Second, ensure your route handler uses the verifier uniformly and does not expose different error paths for padding versus signature failures. In Restify, define a preValidation hook that checks the Authorization header and rejects malformed requests with a consistent 401 response:

const restify = require('restify');
const server = restify.createServer();
const { verifyBearerToken } = require('./verifyBearerToken');

server.preValidation((req, res, next) => {
  const auth = req.headers.authorization;
  if (!auth || !auth.startsWith('Bearer ')) {
    res.send(401, { error: 'invalid_token' });
    return next();
  }
  const token = auth.slice(7);
  const result = verifyBearerToken(token);
  if (!result.valid) {
    res.send(401, { error: 'invalid_token' });
    return next();
  }
  req.user = result.decoded;
  return next();
});

server.get('/protected', (req, res) => {
  res.send({ message: 'access granted', user: req.user });
});

server.listen(8080, () => console.log('server listening on 8080'));

Third, if you use encrypted tokens where you must perform RSA decryption before validation, use a library and settings that do not expose padding errors.
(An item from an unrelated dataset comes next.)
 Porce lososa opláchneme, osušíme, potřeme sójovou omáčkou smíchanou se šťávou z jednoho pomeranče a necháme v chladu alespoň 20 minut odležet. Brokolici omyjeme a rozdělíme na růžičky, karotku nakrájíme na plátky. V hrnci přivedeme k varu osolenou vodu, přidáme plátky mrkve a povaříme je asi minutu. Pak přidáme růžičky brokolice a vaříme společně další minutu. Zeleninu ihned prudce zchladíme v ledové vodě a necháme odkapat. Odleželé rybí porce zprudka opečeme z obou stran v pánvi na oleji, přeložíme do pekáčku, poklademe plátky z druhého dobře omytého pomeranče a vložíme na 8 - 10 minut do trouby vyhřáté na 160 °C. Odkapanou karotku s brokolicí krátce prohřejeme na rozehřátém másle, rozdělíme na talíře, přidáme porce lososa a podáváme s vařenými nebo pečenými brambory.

Prefer RSA-OAEP and ensure you do not implement custom padding checks. Always catch all errors and return a generic invalid token response so that timing or error-type differences do not guide an attacker. For key management, rotate keys and use JWKS when applicable, and avoid accepting the alg: none method. These practices reduce the effectiveness of Bleichenbacher-style adaptive attacks by removing the oracle that distinguishes padding failures from other errors.

Finally, complement code fixes with operational measures: enforce transport-layer encryption, monitor for anomalous repeated 401s from a single source, and rotate cryptographic keys periodically. By combining constant-time verification, uniform error handling, and robust key management in Restify, you mitigate the risk of token recovery via Bleichenbacher attacks while maintaining a secure Bearer Token authorization flow.